Speaker: Milad Maleki Pirbazari, Bilkent University
Date & Time: October 8, 2021, Friday, 13:30.
Place: EE-01
Title: Risk-averse Allocation Indices for Multi-armed Bandit Problem
Abstract: In classical multi-armed bandit problem, the aim is to find a policy maximizing the expected total reward, implicitly assuming that the decision-maker is risk-neutral. On the other hand, the decision makers are risk-averse in some real life applications. In this study, we design a new setting based on the concept of dynamic risk measures where the aim is to find a policy with the best risk-adjusted total discounted outcome.

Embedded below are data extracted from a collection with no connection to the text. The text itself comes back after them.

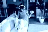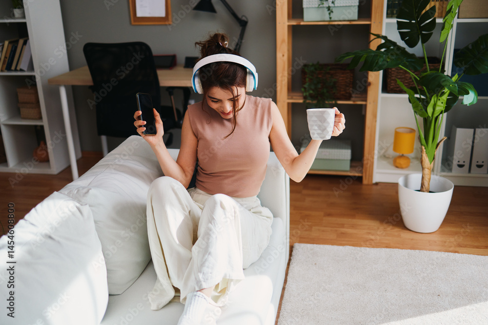 Happy woman listening music with headphones and drinking coffee on sofa at home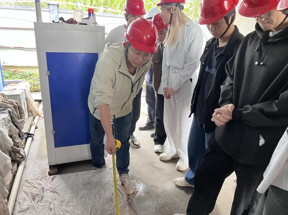 在工地區(qū)域,項目技術(shù)負責(zé)人李進鵬詳細講解模板流轉(zhuǎn)使用、塔吊布設(shè)注意事項、混凝土試塊養(yǎng)護設(shè)備操作規(guī)范等實踐知識。針對學(xué)生提出的銹蝕鋼筋處理、腳手架管件存放、塑料管材存儲要求等問題,李工結(jié)合工程實例逐一解答,讓學(xué)生直觀感受建筑施工 “高效、環(huán)保、質(zhì)量可控”的優(yōu)勢。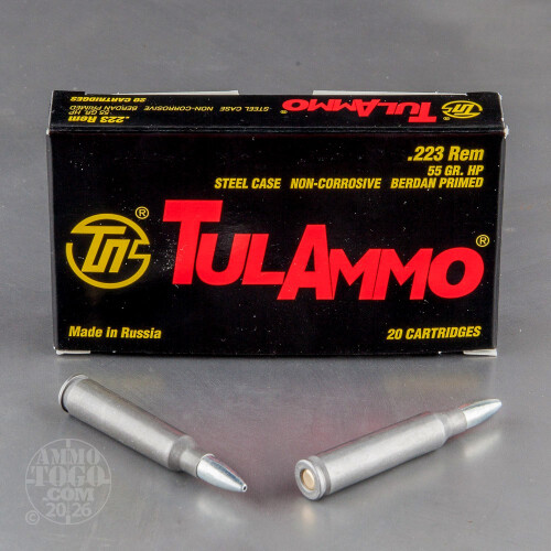 The Tula Cartridge Works is a Russian weapon manufacturer founded in 1880 by Emperor Alexander II. One of the world’s most significant producers of small-arms ammunition, Tula combines centuries of experience with cutting-edge research and technology to meet the specific needs of the modern shooter.This package contains 20 rounds of Tula .223 ammunition. Each round is loaded with a 55 grain hollow point projectile featuring a bimetal jacket and a soft lead core. This construction results in excellent ballistics characteristics. An ideal option for hunting, target practice, and backyard plinking, these rounds are rugged, reliable, and affordable.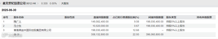 同时,鼎益丰控股集团国际有限公司在2025年7月3日起更名为嘉文世纪投资有限公司,目前仍在香港联交所上市,但一直处于停牌之中。在最新的股权数据中,隋广义个人仍持股9.58%。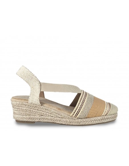 ESPARDEÑA TIPO VALENCIANA DE TONOS NATURALES CON CUÑA DE ESPARTO DE 5 CM APROX. SE AJUSTA CON DOS GOMAS EN EL EMPEINE.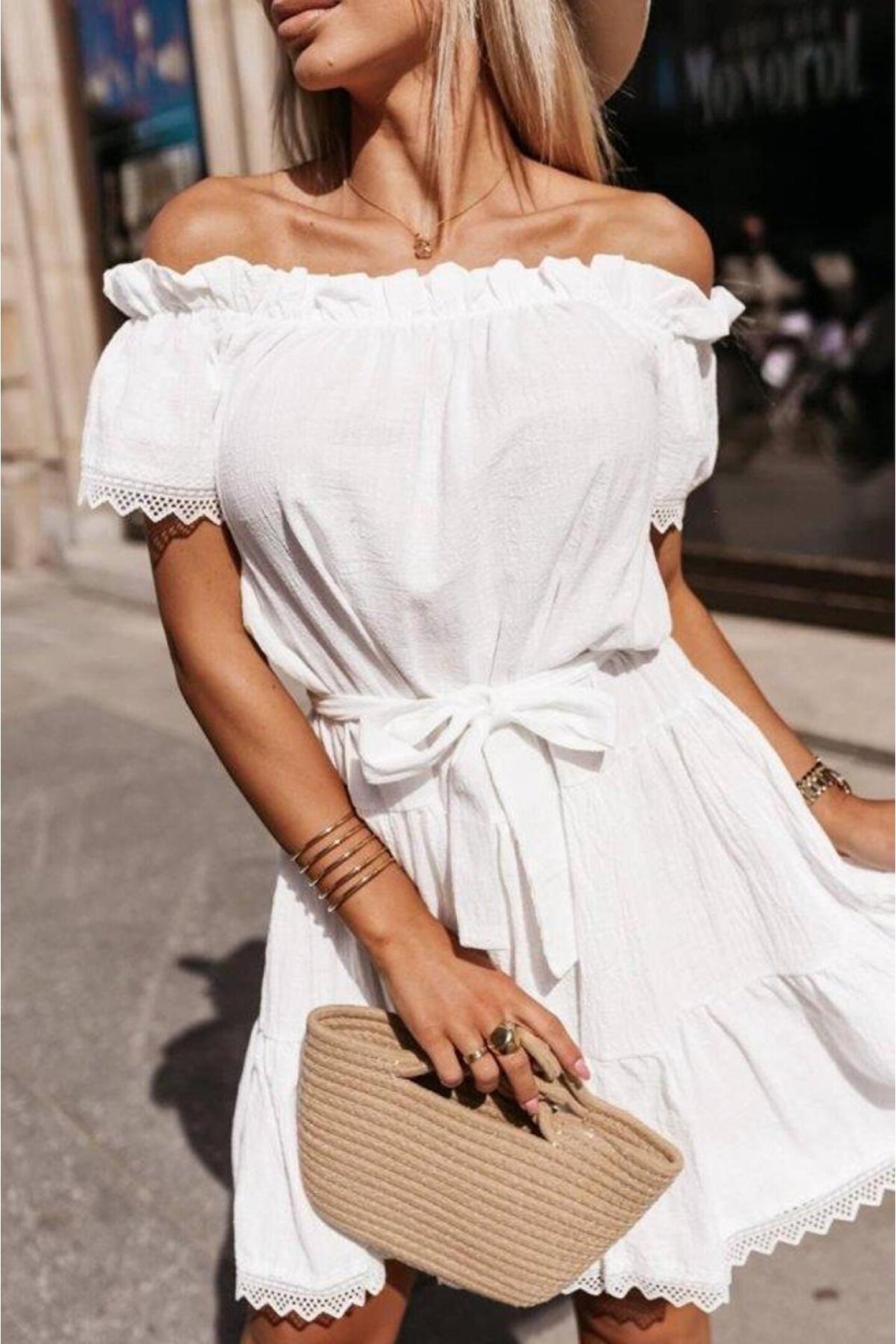 Kadın Madonna Yaka Pütür Detay Pamuklu Mini Elbise
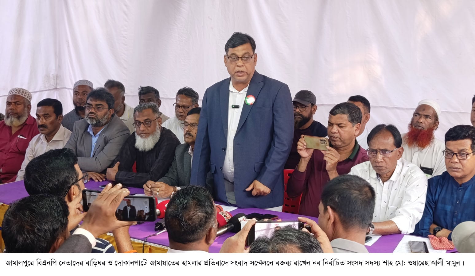 জামালপুরে বিএনপি নেতাদের বাড়িঘর ও দোকানপাটে হামলার অভিযোগে সংবাদ সম্মেলন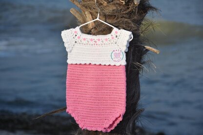 This enchanting crochet pattern creates a beautiful baby girl romper in size 0–3 months, featuring delicate beads elegantly arranged around the scalloped neckline for a touch of elegance and charm.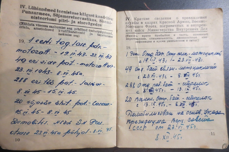 Ja Mehide on tõesti saanud kaks tähte- ühe 44ndal Eestimaa pinnal ja teise Kuramaal. Kui numbreid võrrelda, siis ka see kinnitab eelpool mainitud topelt autasustamist. 11***** tähti on siin Eesti ''vabastamislahingute'' eest antuna teisigi ja 2121*** on see kombinatsioon, mida anti laskurkorpuse võitlejatele Kuramaal. Varasema tähe autasuleht on päris huvitav- Tamsalu, Nõmmküla...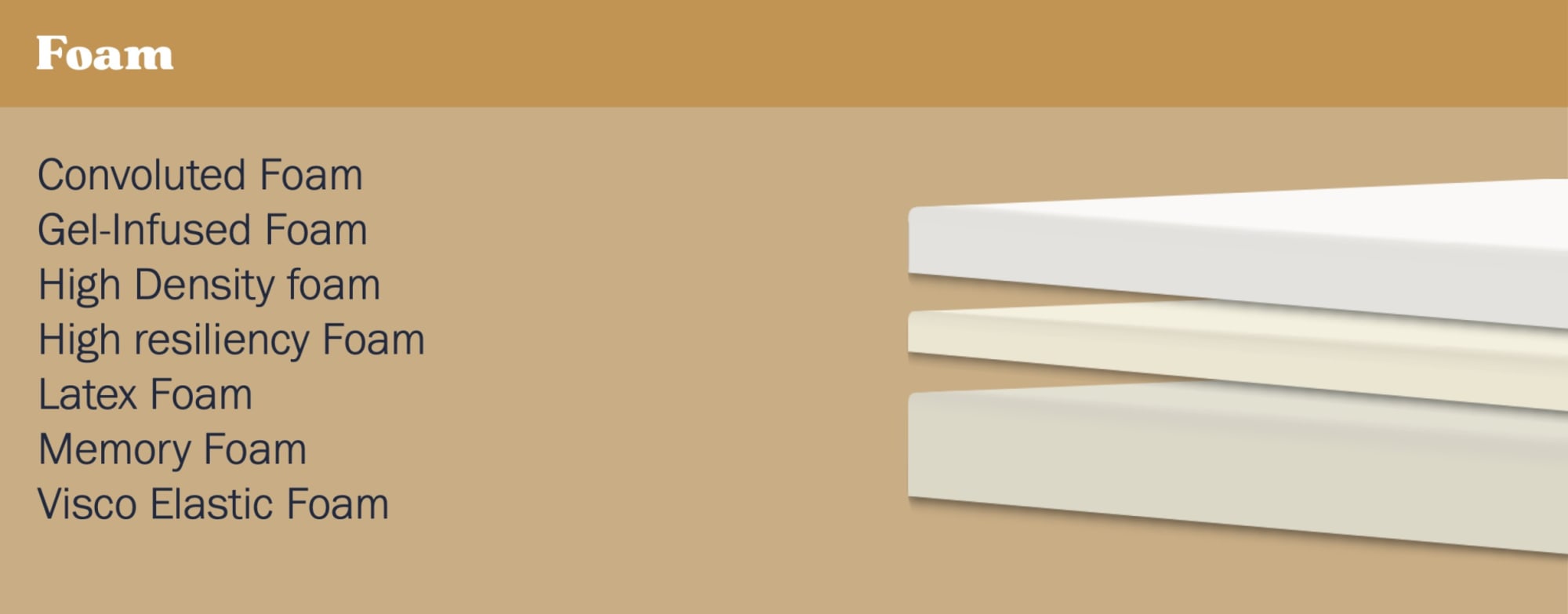Foam - Foam is a common material found in most mattresses which is prized for its combination of durability, comfort, and support. Mattress Foam is typically made from polyurethane or latex, and it can offer a variety of different comfort levels depending on its density.
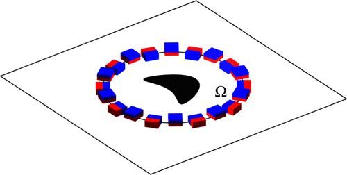 这幅示意图展示了借助围绕排列的帕尔贴元件(图中红蓝相间),能够将一个二维平面区域Ω中的风筝(图中黑色)在热测量中“隐形”。| 图片来源:Cassier, M. et al.

We provide a theoretical analysis of multi-armed bandit problem with respect to this novel setting, and propose a priority-index heuristic which gives risk-averse allocation indices having a structure similar to Gittins index. Although an optimal policy is shown not always to have index-based form, empirical results express the excellence of this heuristic and show that with risk-averse allocation indices we can achieve optimal or near-optimal interpretable policies.
Bio: Milad Maleki Pirbazari is currently a teaching instructor in the department of Industrial Engineering at Bilkent University. He received his B.S. and M.S. degrees in Chemical Engineering from the University of Tehran and Tarbiat Modares University in 2008 and 2011, respectively. He also received an M.S. degree in Industrial and Systems Engineering from İstanbul Şehir University in 2015 and the Ph.D. degree in Industrial Engineering from Bilkent University in 2021. His research interests include stochastic and risk-averse optimization, Markov decision processes, and statistical machine learning.